Scientific classification
- Kingdom: Animalia
- Phylum: Mollusca
- Class: Cephalopoda
- Subclass: †Ammonoidea
- Order: †Ammonitida
- Family: †Desmoceratidae
- Subfamily: †Puzosiinae
- Genus: †Parapuzosia Nowak, 1913
- Type species: Parapuzosia daubreei Grossouvre, 1894
- Species: P. americana (Scott & Moore, 1928); P. boesei (Scott & Moore, 1928); P. bradyi (Miller & Youngquist, 1946); P. corbarica (Grossouvre, 1894); P. daubreei (Grossouvre, 1894) (type species); P. seppenradensis (Landois, 1895);

= Parapuzosia =

Genus of molluscs (fossil)

Parapuzosia is an extinct genus of desmoceratid ammonites from the Cenomanian to the Campanian of Africa, Europe, and North America.

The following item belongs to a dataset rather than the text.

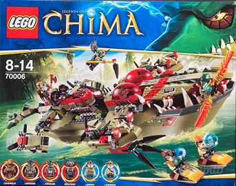 Lego Chima “La nave coccodrillo di Cragger” 70006, anno 2013, fascia di età 8-14, materiale plastica, 609 pezzi, dimensioni cm 48 x 7 x 38, peso gr 1.400, include 6 mini-figure (Cragger, Crominus, Crooler, Rawzom, Leonidas e Lennox), 4 armi, 2 moto d’acqua, adesivi applicati, completo di tutti i pezzi, scatola con alcuni segni di usura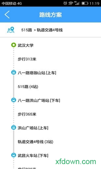 换乘方案推荐:用户输入起点和终点后,软件会智能推荐最优的换乘方案,包括步行距离、换乘次数和预计耗时,帮助用户规划最便捷的出行路线。

They are typically very large ammonites, reaching diameters of 60 cm or more, with the largest species measuring around 2 m. It possesses a moderately involute shell with flat or slightly rounded sides. Distinct primary and secondary ribbing can be observed in the inner whorls.

== Etymology ==
The origin of the generic name Parapuzosia ("similar to Puzosia") comes from the smaller, related desmatoceratid Puzosia. "Puzosia" comes from the Serbian words пужа/puža and оса/osa .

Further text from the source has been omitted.